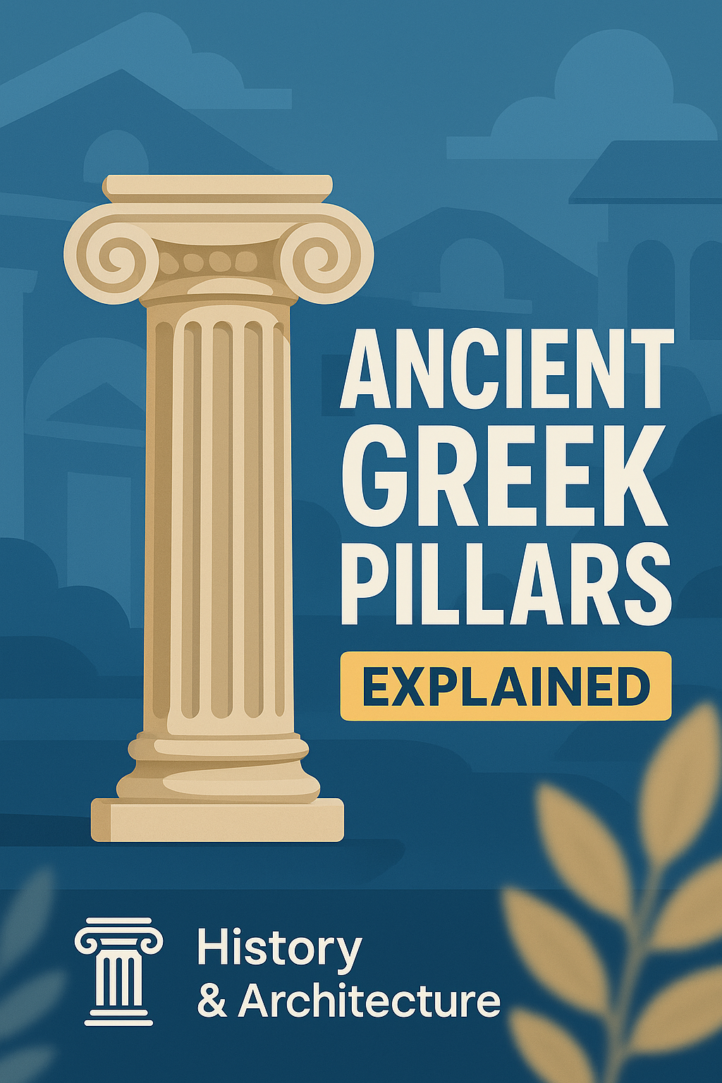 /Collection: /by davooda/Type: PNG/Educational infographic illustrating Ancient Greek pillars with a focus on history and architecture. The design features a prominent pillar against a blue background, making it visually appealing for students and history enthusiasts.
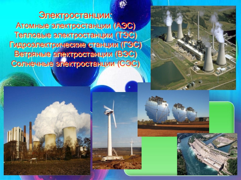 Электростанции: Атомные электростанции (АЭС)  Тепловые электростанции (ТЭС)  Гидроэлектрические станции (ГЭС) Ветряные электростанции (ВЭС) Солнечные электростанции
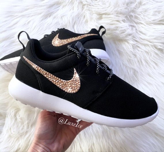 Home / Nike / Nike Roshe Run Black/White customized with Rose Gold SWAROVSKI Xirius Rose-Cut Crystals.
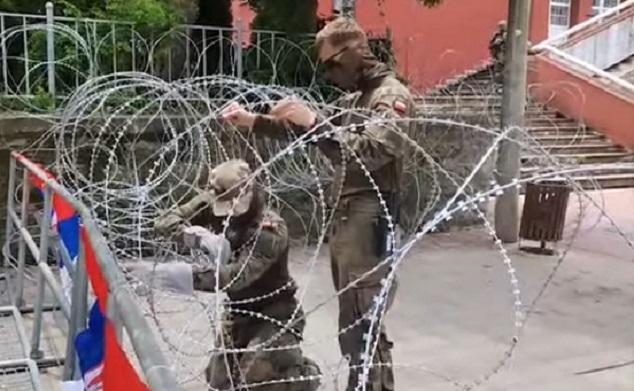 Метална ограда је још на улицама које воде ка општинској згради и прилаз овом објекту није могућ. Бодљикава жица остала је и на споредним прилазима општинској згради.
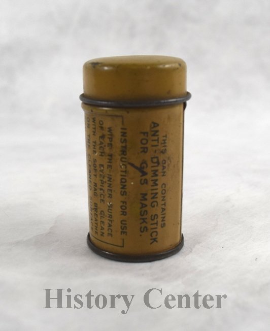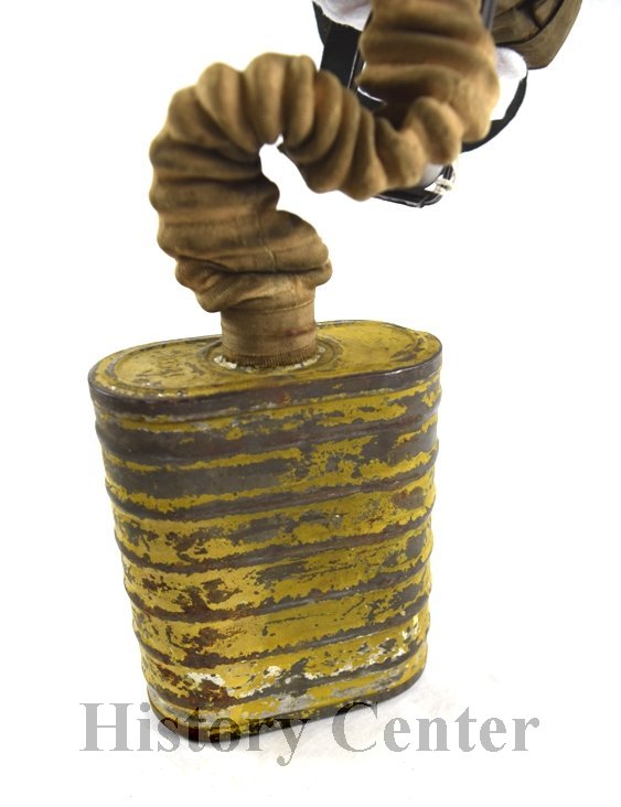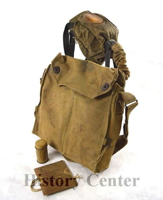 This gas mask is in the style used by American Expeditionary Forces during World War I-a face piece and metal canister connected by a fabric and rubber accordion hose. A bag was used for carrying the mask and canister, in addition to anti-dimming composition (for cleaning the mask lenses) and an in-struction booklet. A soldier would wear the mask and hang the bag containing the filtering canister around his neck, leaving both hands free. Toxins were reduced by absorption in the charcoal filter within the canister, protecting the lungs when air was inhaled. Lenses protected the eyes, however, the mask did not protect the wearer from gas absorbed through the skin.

--------------------

_Your instructions_. Please reproduce the entries above exactly, from their first line to the line holding "Метална ограда је" inclusive, and nothing else; the pictures stay out.

_Completed task_.
 /Collection: /by davooda/Type: PNG/Educational infographic illustrating Ancient Greek pillars with a focus on history and architecture. The design features a prominent pillar against a blue background, making it visually appealing for students and history enthusiasts.
 Электростанции: Атомные электростанции (АЭС)  Тепловые электростанции (ТЭС)  Гидроэлектрические станции (ГЭС) Ветряные электростанции (ВЭС) Солнечные электростанции
 Home / Nike / Nike Roshe Run Black/White customized with Rose Gold SWAROVSKI Xirius Rose-Cut Crystals.
 Метална ограда је још на улицама које воде ка општинској згради и прилаз овом објекту није могућ. Бодљикава жица остала је и на споредним прилазима општинској згради.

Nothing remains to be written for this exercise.